Alma ist noch ein Kind gewesen, als der Vater sie und ihre Mutter verließ. Von einem auf den anderen Tag verschwand er aus ihrem Leben. Als “Arzt ohne Grenzen” ging er mehrere Jahre ins Ausland. Jetzt ist er zurück in Berlin. Zufällig kreuzen sich ihre Wege. Alma ist inzwischen 17 Jahre alt. Sie will Schauspielerin werden. Wo es nur geht, testet sie ihre Wirkung auf die Männer, insbesondere auf solche, die ihr Vater sein könnten. Jetzt hat sie das nicht mehr nötig, sie hat ihren richtigen Vater und den will sie so schnell nicht wieder hergeben. Sie will ihn halten, notfalls auch unter Einsatz ihrer weiblichen Reize. Doch genau das ist ihr Fehler.

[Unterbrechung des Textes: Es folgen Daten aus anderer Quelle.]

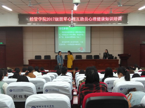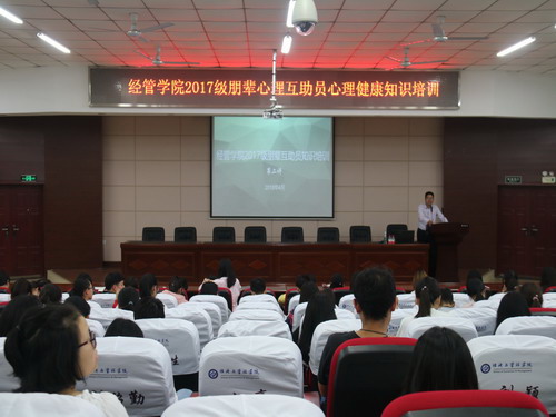 为提升朋辈心理互助员心理素质与工作技能,在学校的指导和学院的精心组织下, 2018年4月17日-4月19日19:30-21:00,经管学院2017级朋辈心理互助员心理健康知识培训于文科楼A200顺利举行。我院共计有189名朋辈心理互助员参与了本次培训。
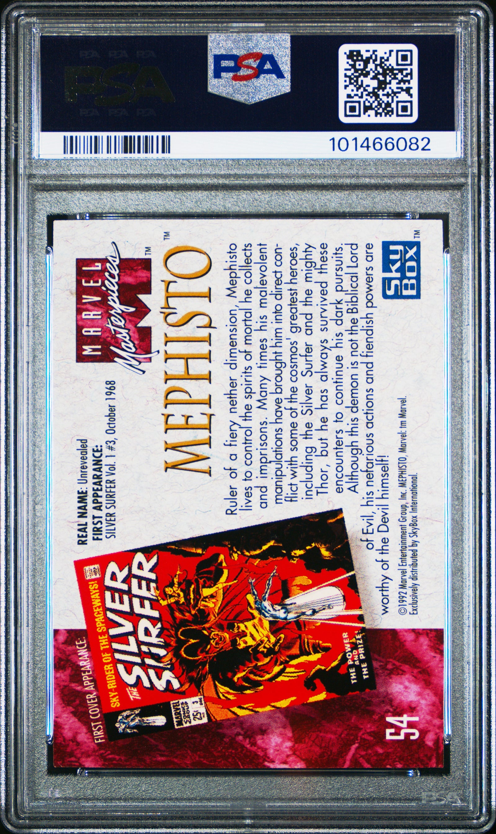 You are purchasing a 1992 Marvel Masterpieces Mephisto #54 PSA 9. You will receive the exact item in the photographs. Thank you for looking. Listed With Mascot.

Es ist eine seltsame Liebe, die Vater und Tochter in dem bemerkenswerten Debütfilm “liebeskind” von Jeanette Wagner miteinander teilen. Die neuen Familienmodelle und die Auflösung der klassischen Rollenverhältnisse ermöglichen eine solche Liebesbeziehung, die anders ist als die übliche Inzest-Situation. “Wenn die biologischen Väter nicht mehr die sozialen Väter sind, kann sich kein verwandtschaftliches Gefühl aufbauen”, so erklärt sich die Filmemacherin die Tatsache, dass eines der letzten Tabus unserer Gesellschaft offenbar auch langsam zu fallen scheint. Ihre Haltung ist beobachtend, nie wertend, nie verurteilend, “mir geht es nicht um Schuldzuweisungen”, sagt sie. Unaufgeregt erzählt sie von etwas, was zu Recht per Gesetz mit Verbot belegt ist. Sie macht psychologisch verständlich, wie es zu einer solchen Vater/Tochter-Intimität kommen kann. In Alma vermischt sich die Verarbeitung der langen Trennung vom Vater mit ihrer erwachenden Sexualität. Und der Vater ist verunsichert, leidet noch immer unter der Schuld, Frau und Kind verlassen zu haben. Er spürt, dass seine Tochter sich im Zustand völliger emotionaler Verwirrung befindet.
Den Vater (wieder)erobern, wenn die erste Liebe schon lockt. Das ist ein gefährlicher Selbstversuch. Da nützt es wenig, dass sich Alma als Schauspielerin in spe in Rollenspiele flüchtet. Wirkliche Distanz schafft das nicht. Anna Fischer spielt das alles mit einer unglaublichen Selbstverständlichkeit. Nie zu viel, nie zu wenig, nie zu laut, nie zu leise, so balanciert sie zwischen weiblicher Selbstfindung und kapriziösem Spiel der Verführung. Figur und Darsteller verschmelzen bei ihr zu einer glaubwürdigen Einheit, wie man sie nur selten bei so jungen Schauspielern findet. Nicht umsonst bekam Fischer den Preis für die beste Nachwuchsdarstellerin beim Max-Ophüls-Festival. Auch Blochberger weiß in seiner Rolle als emotional überforderter Vater zu überzeugen. Er spielt stark zurückgenommen, seine Figur macht mehr mit sich selbst aus, braucht keine Spielchen, ist erwachsen – und doch weiß sich der Mann nur schwer der Waffen der eigenen Tochter zu erwehren. (Text-Stand: 1.8.2006)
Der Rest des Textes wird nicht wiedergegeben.